Youshan Wang, male, was born in 1970, Ph. D. He is a professor and Ph. D supervisor in engineering mechanics, center for composite materials and structures, Harbin Institute of Technology (HIT). He is also the vice dean of national defense technology research institute of HIT Weihai campus.He has been engaged in fundamental research and application research in rubber nanocomposites, mechanics of tire and tire structure design theory for nearly 30 years. He has undertaken more than 60 projects including the National Natural Science Foundation's major project, the national defense "973" special project, the Natural Science Fund Project, the Shandong Province's major independent innovation project, the Shandong Province's independent innovation and achievement transformation project and enterprise cooperation projects. Three theories and a set of optimized methods for tire structure design were proposed to improve the tire performance. Eight analysis software were developed to predict the mechanical response of tire under various operating conditions. His team has cooperation with the top 10 tire companies in China in the tire design, analysis, optimization and evaluation. Up to present, the achievement of cooperation projects have produced huge economic and social benefits. He was awarded the first prize of Heilongjiang Province Technical Invention, the second prize of the Army Science and Technology Progress Award 3 items, the provincial and ministerial level second prize 3 items, and the second prize of Hangzhou Science and Technology Progress Award. Moreover, more than 30 patents for invention have been obtained in China. more than 70 academic papers have been published, including nearly 40 high-level SCI search papers such as Journal of Materials Chemistry A and ACS Applied Materials & Interfaces.

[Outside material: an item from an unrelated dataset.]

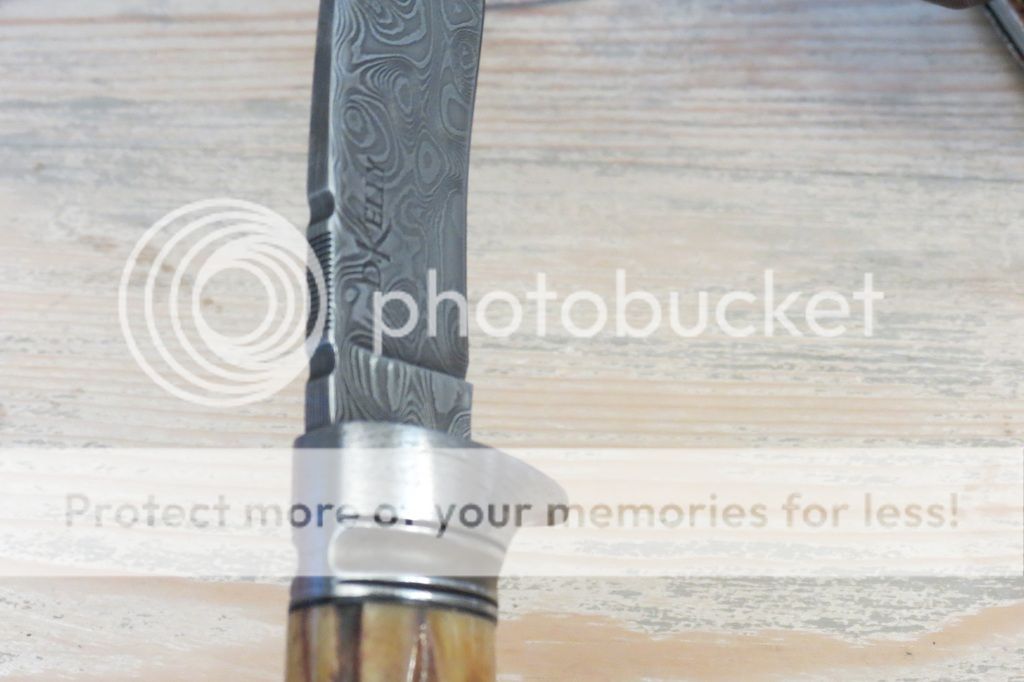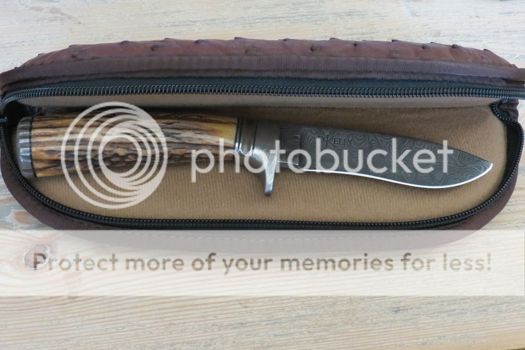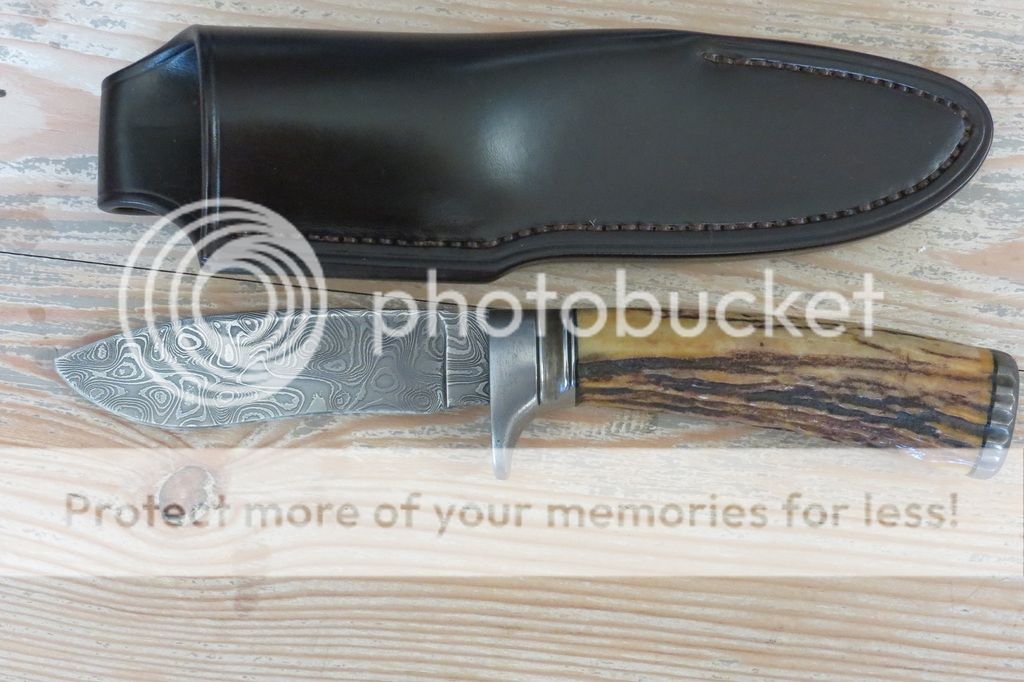 Notes: Bought on forum. Time worn burnt Sambar stag; milled wrought iron guard with fluted ferrule and matching butt cap; 4 1/8" 1084/15N20 Carbon Damascus hollow ground blade; overall length of 9"; the maker's leather sheath; and padded leather zipper case.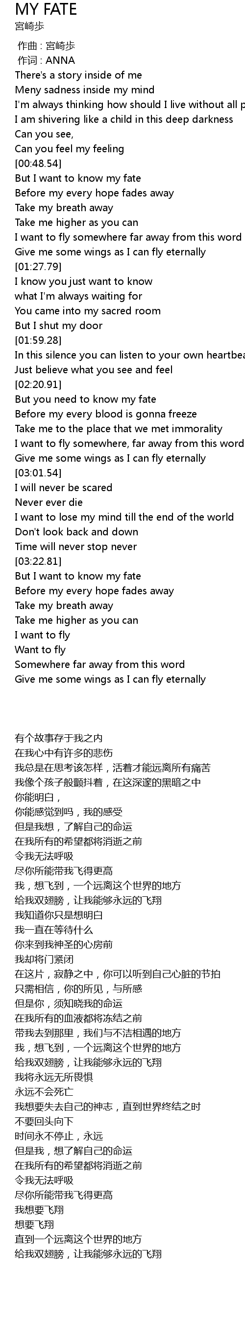 | [02:50.70] | Give me some wings as I can fly eternally |

Recently, the theory of material targeting design was put forward in combination with the service conditions of tires, and a series of new silicon-carbon composite materials with significantly low heat build up and high wet skid resistance were prepared by microbial construction method, which have been officially applied in enterprises. By introducing inorganic porous materials, a new VOCs controllable capture method combining physical adsorption and mechanical crushing is creatively proposed. The VOCs controllable capture and resource utilization system and its principle prototype are developed, realizing VOCs resource utilization and zero carbon emission. The system has low manufacturing and operation costs, and The pilot test of the system has been completed in the enterprise.